[Records drawn from a dataset]
"""

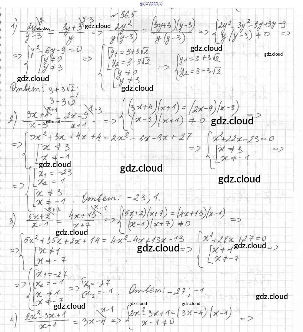 §36. Решение уравнений, сводящихся к квадратным уравнениям Ответы к Главе 6. Квадратные уравнения по Алгебре 8 класс Учебник Мерзляк Алгоритм успеха Углубленный уровень Вентана-граф
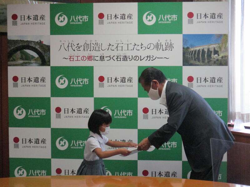 本校1年生の籔いちかさんが、「八代市賞」に選ばれ、表彰されました
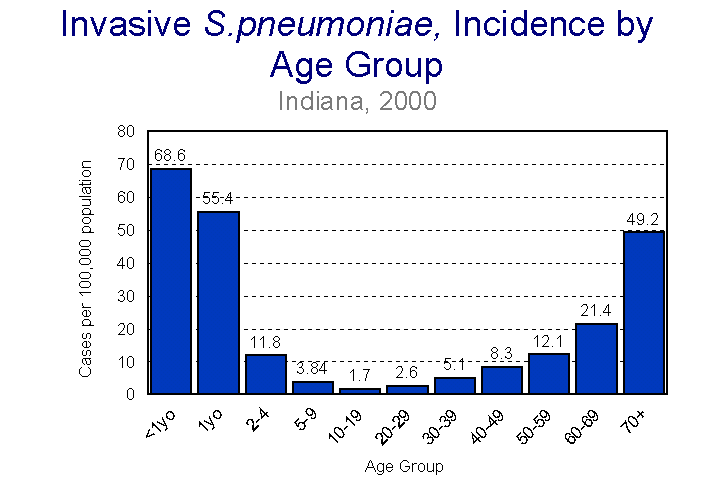 Surveillance of invasive Streptococcus pneumoniae (pneumococcal disease) has been ongoing in Indiana since June 1998. Among all Indiana residents, 710 cases were reported (11.68/100,000 population) in 2000, compared with 691 cases (11.63) in 1999. Incidence of invasive pneumococcal disease varies considerably with age, with the highest rates occurring in children ages 2 or less and ages 65 and older (Figure Strep1).
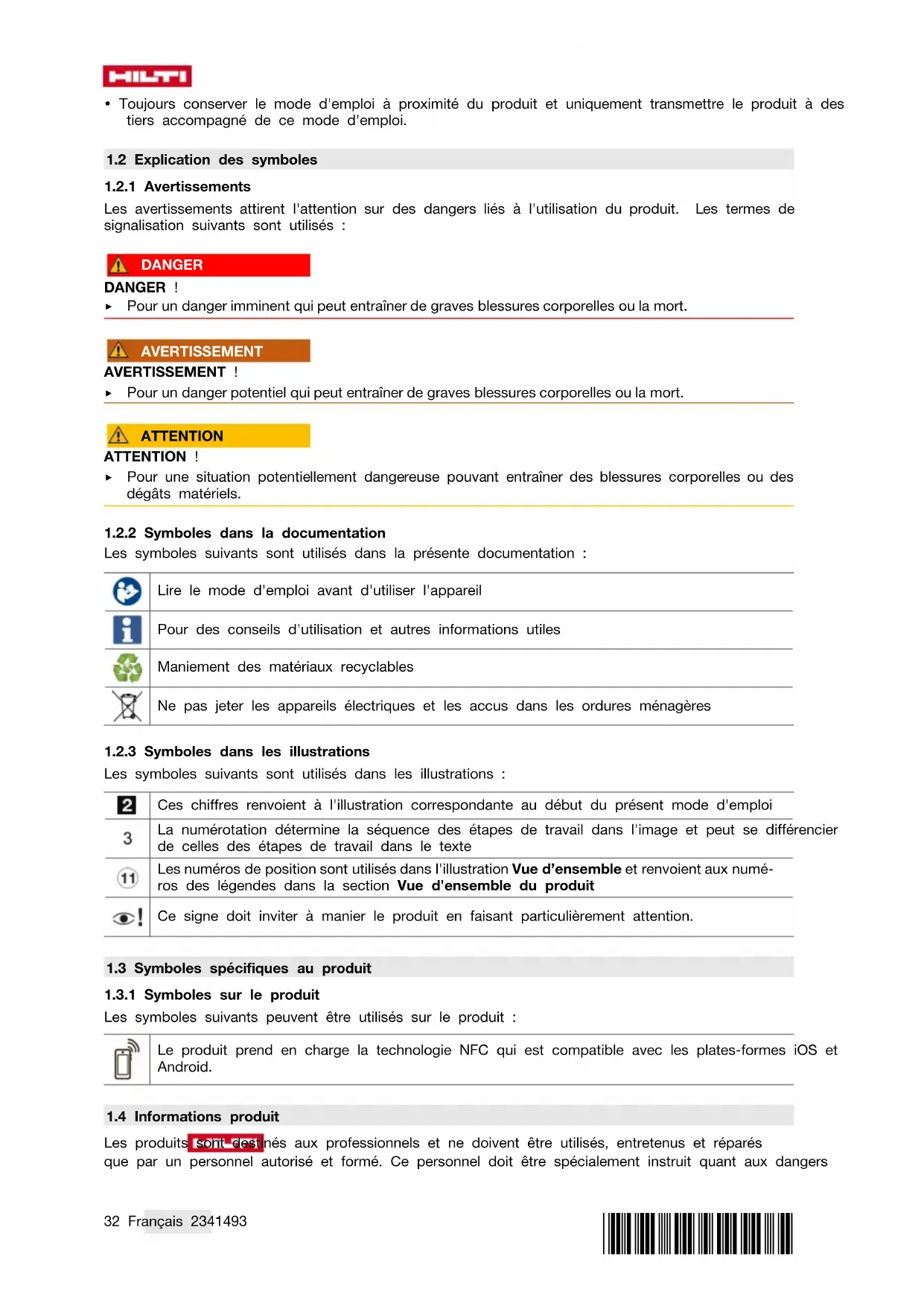 1.3 Symboles spécifiques au produit
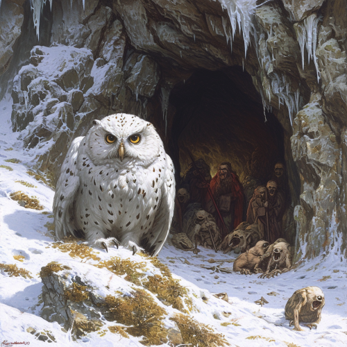 fantasy art. an illustration in the style of Larry Elmore. An owlbear lurks in a cave entrance. There is snow around the entrance to the cave and several dead humans behind it. --v 6.0
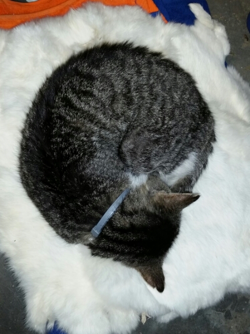 Ol’ Kitteh’s bunny furs for his bed arrived. I put them on his towels to get him used to sleeping on them. At first, they were New and Different and to be avoided entirely, then they were molten lava, then he was tired enough to put two feet on them, then all four, and then…
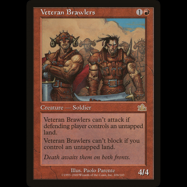 Veteran Brawlers can't attack if defending player controls an untapped land.
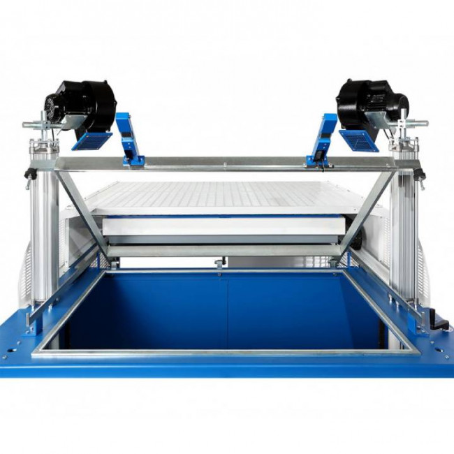 Sa table pneumatique facilite le positionnement du moule.
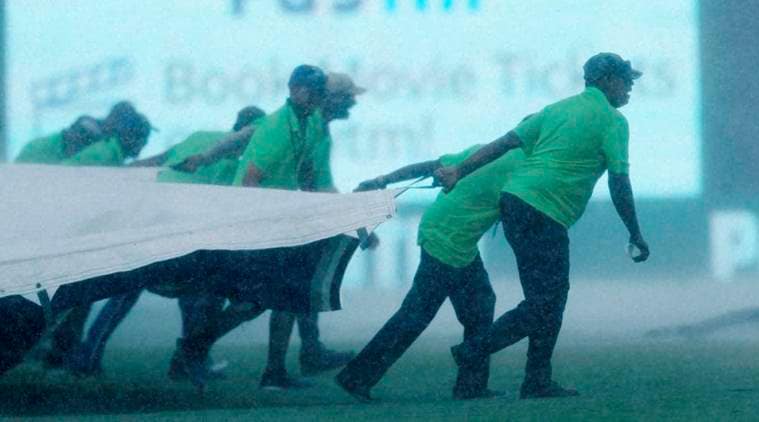 After dismissing West Indies for 143, India were 15 for no loss in two overs when a 15-minute thunderstorm left huge puddles on some section of the field, including the bowler’s run-up at the pavilion end of the ground, forcing the officials to call off the match.
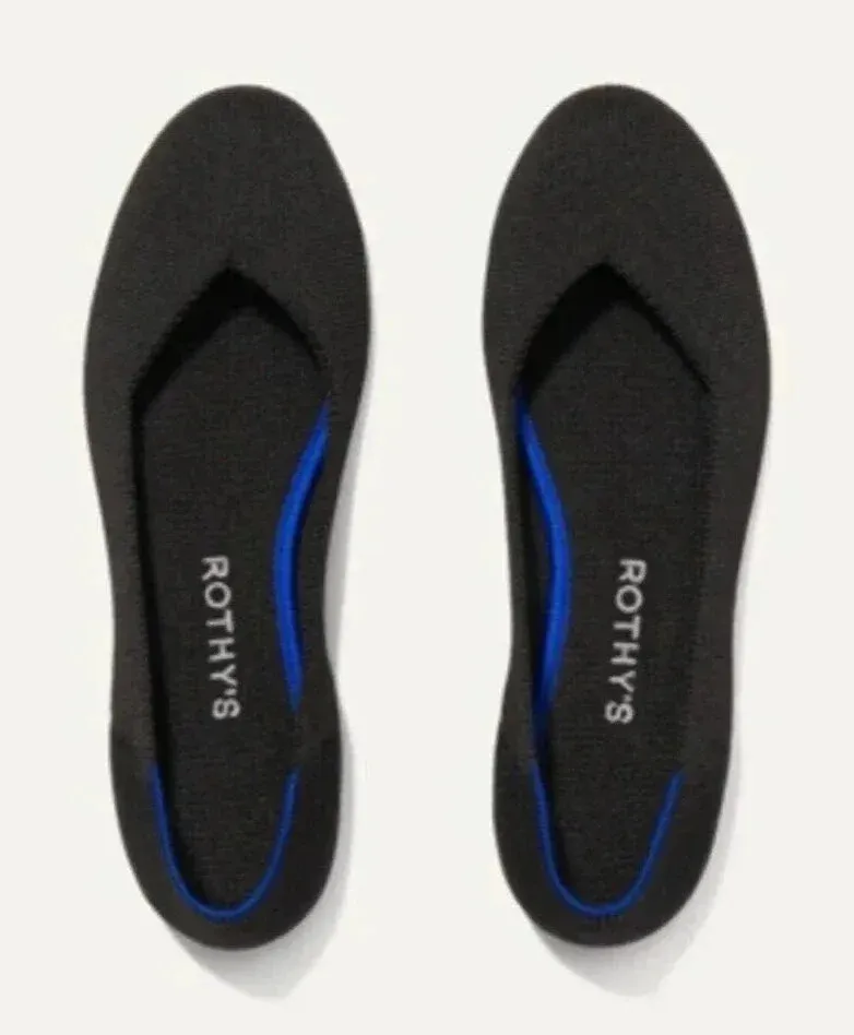Rothys The Flat Knit Honeycomb Rounded Toe Flats Shoes in Black/Blue Halo Women's Size W 7 Round Toe Textile Upper 100% Recycled 100% Recycled Rubber Sole Pre-owned Excellent condition No insoles. Insoles are not included Please see pictures
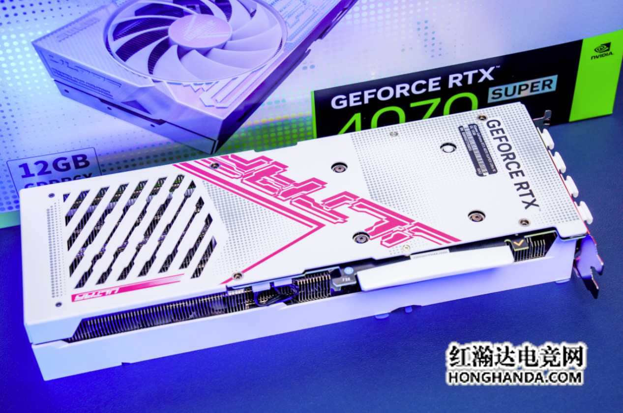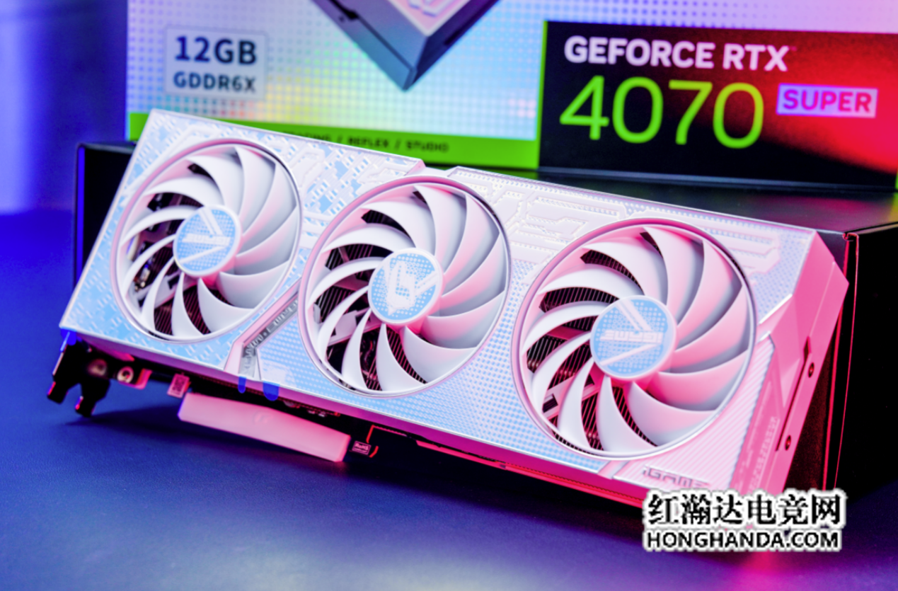 iGame GeForce RTX 4070 SUPER Ultra W OC 12GB显卡外观沿用了“白色波普外甲”风格设计,大面积的贝壳渐彩涂层能在不同光线下呈现出绚丽的色彩,侧面的RGB灯组面积也有增大,霓虹光效更加明显,三把11扇叶的90mm散热风扇+4根6mm热管能够提供高效的散热能力,实测中可快速将显卡温度控制在较低范围。
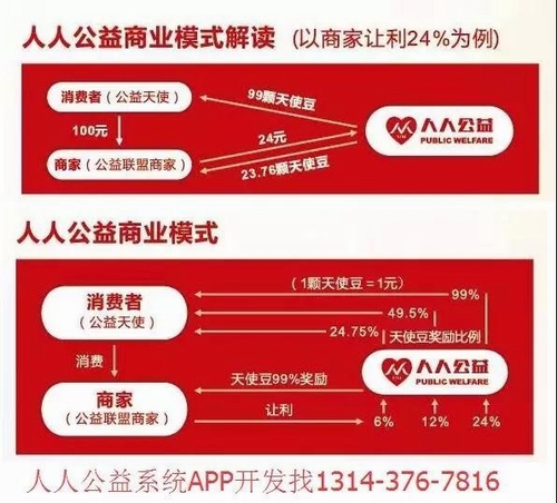 上图是人人公益的运行模式,是让加盟商家将顾客消费额的固定比例,如24%,12%或者6%,交给平台形成资金池。以消费者消费100元,商家交给平台24元为例,平台资金池将分期返还给消费者99元,另一元拿去做公益,而商家让利给平台的24元,也将被分期的返给商家共23.76元。对于商家和消费者来说,基本没有任何损失,相反还能额外获利。真有这样的好事吗?
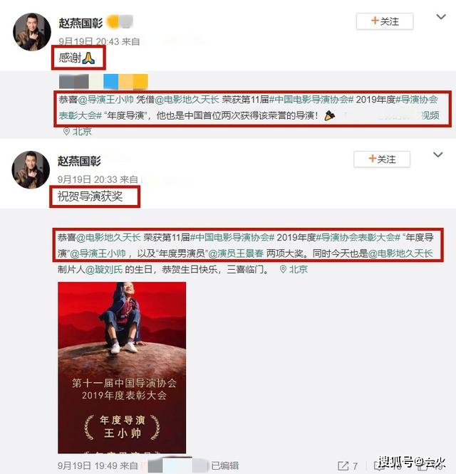 赵燕国彰也十分懂得感恩每一个机会和每一个选择自己的导演。9月19日,在导协年度表彰大会中,王小帅导演凭借电影《地久天长》,获得了导协表彰大会的"年度导演"的殊荣,赵燕国彰还在社交平台上特意为导演送去了自己的祝福。
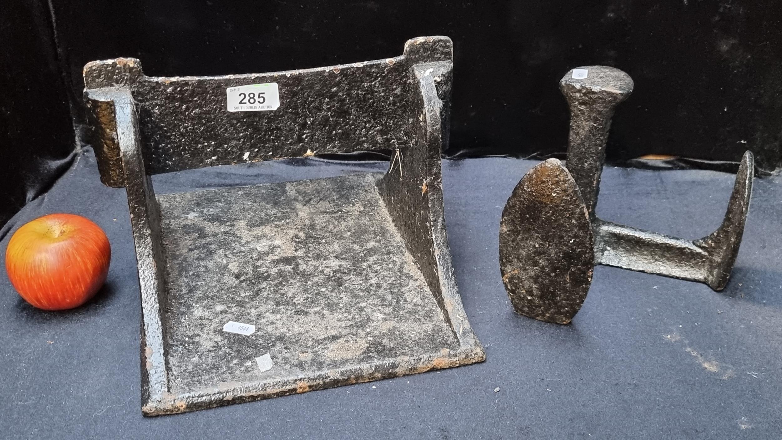 Two antique items including a very heavy cast iron Victorian boot scrape and shoe last
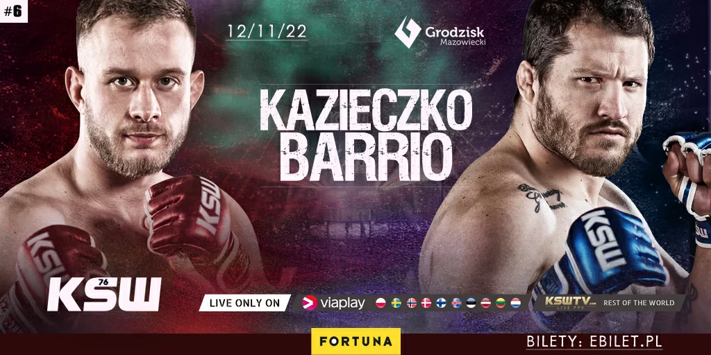 Podczas gali KSW 76 dojdzie do emocjonującego starcia w wadze lekkiej. 12 listopada w nowej hali widowiskowo-sportowej w Grodzisku Mazowieckim były pretendent do pasa kategorii lekkiej, Maciej Kazieczko (8-2, 5 KO), zmierzy się z będącym na fali trzech wygranych z rzędu, Francisco Barrio (10-2, 2 KO, 6 Sub).
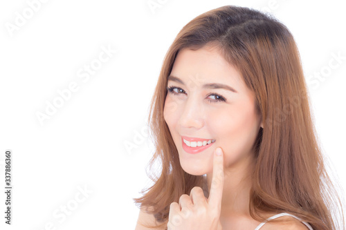 Portrait of beautiful woman asian makeup of cosmetic, girl hand touch teeth and smile attractive, face of beauty perfect with wellness isolated on white background with skin healthcare concept.
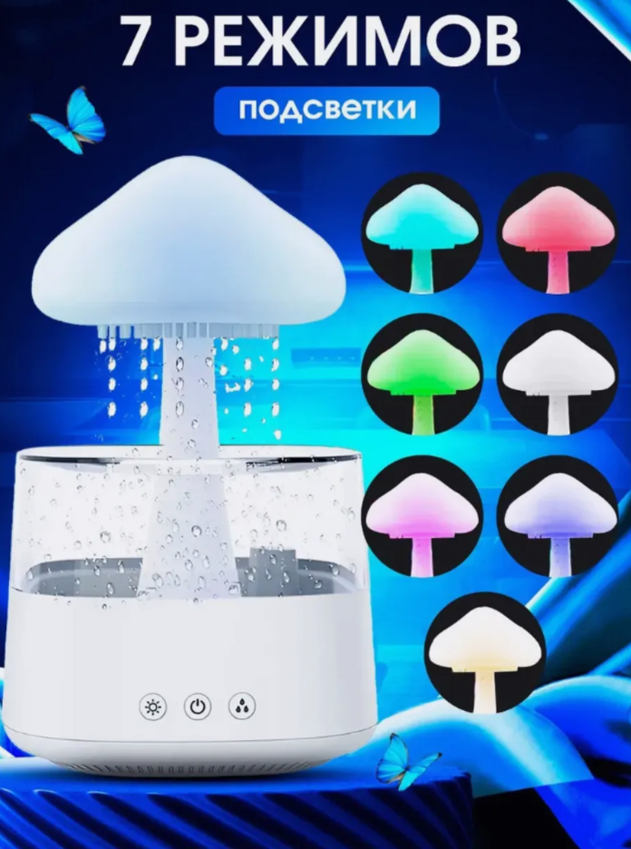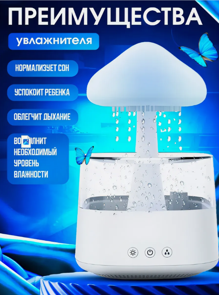 Отзывы на Увлажнитель воздуха "Гриб с эффектом дождя", ультразвуковой, белый
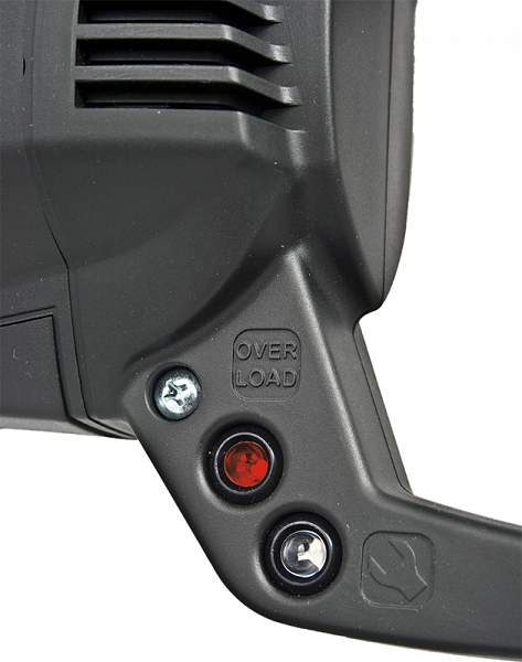 - Индикатор обслуживания – горит около 10-ти рабочих часов до замены угольных щеток

"""

An exact copy of every line above is needed, without the images.

 §36. Решение уравнений, сводящихся к квадратным уравнениям Ответы к Главе 6. Квадратные уравнения по Алгебре 8 класс Учебник Мерзляк Алгоритм успеха Углубленный уровень Вентана-граф
 本校1年生の籔いちかさんが、「八代市賞」に選ばれ、表彰されました
 Surveillance of invasive Streptococcus pneumoniae (pneumococcal disease) has been ongoing in Indiana since June 1998. Among all Indiana residents, 710 cases were reported (11.68/100,000 population) in 2000, compared with 691 cases (11.63) in 1999. Incidence of invasive pneumococcal disease varies considerably with age, with the highest rates occurring in children ages 2 or less and ages 65 and older (Figure Strep1).
 1.3 Symboles spécifiques au produit
 fantasy art. an illustration in the style of Larry Elmore. An owlbear lurks in a cave entrance. There is snow around the entrance to the cave and several dead humans behind it. --v 6.0
 Ol’ Kitteh’s bunny furs for his bed arrived. I put them on his towels to get him used to sleeping on them. At first, they were New and Different and to be avoided entirely, then they were molten lava, then he was tired enough to put two feet on them, then all four, and then…
 Veteran Brawlers can't attack if defending player controls an untapped land.
 Sa table pneumatique facilite le positionnement du moule.
 After dismissing West Indies for 143, India were 15 for no loss in two overs when a 15-minute thunderstorm left huge puddles on some section of the field, including the bowler’s run-up at the pavilion end of the ground, forcing the officials to call off the match.
Rothys The Flat Knit Honeycomb Rounded Toe Flats Shoes in Black/Blue Halo Women's Size W 7 Round Toe Textile Upper 100% Recycled 100% Recycled Rubber Sole Pre-owned Excellent condition No insoles. Insoles are not included Please see pictures
 iGame GeForce RTX 4070 SUPER Ultra W OC 12GB显卡外观沿用了“白色波普外甲”风格设计,大面积的贝壳渐彩涂层能在不同光线下呈现出绚丽的色彩,侧面的RGB灯组面积也有增大,霓虹光效更加明显,三把11扇叶的90mm散热风扇+4根6mm热管能够提供高效的散热能力,实测中可快速将显卡温度控制在较低范围。
 上图是人人公益的运行模式,是让加盟商家将顾客消费额的固定比例,如24%,12%或者6%,交给平台形成资金池。以消费者消费100元,商家交给平台24元为例,平台资金池将分期返还给消费者99元,另一元拿去做公益,而商家让利给平台的24元,也将被分期的返给商家共23.76元。对于商家和消费者来说,基本没有任何损失,相反还能额外获利。真有这样的好事吗?
 赵燕国彰也十分懂得感恩每一个机会和每一个选择自己的导演。9月19日,在导协年度表彰大会中,王小帅导演凭借电影《地久天长》,获得了导协表彰大会的"年度导演"的殊荣,赵燕国彰还在社交平台上特意为导演送去了自己的祝福。
 Two antique items including a very heavy cast iron Victorian boot scrape and shoe last
 Podczas gali KSW 76 dojdzie do emocjonującego starcia w wadze lekkiej. 12 listopada w nowej hali widowiskowo-sportowej w Grodzisku Mazowieckim były pretendent do pasa kategorii lekkiej, Maciej Kazieczko (8-2, 5 KO), zmierzy się z będącym na fali trzech wygranych z rzędu, Francisco Barrio (10-2, 2 KO, 6 Sub).
 Portrait of beautiful woman asian makeup of cosmetic, girl hand touch teeth and smile attractive, face of beauty perfect with wellness isolated on white background with skin healthcare concept.
 Отзывы на Увлажнитель воздуха "Гриб с эффектом дождя", ультразвуковой, белый
 - Индикатор обслуживания – горит около 10-ти рабочих часов до замены угольных щеток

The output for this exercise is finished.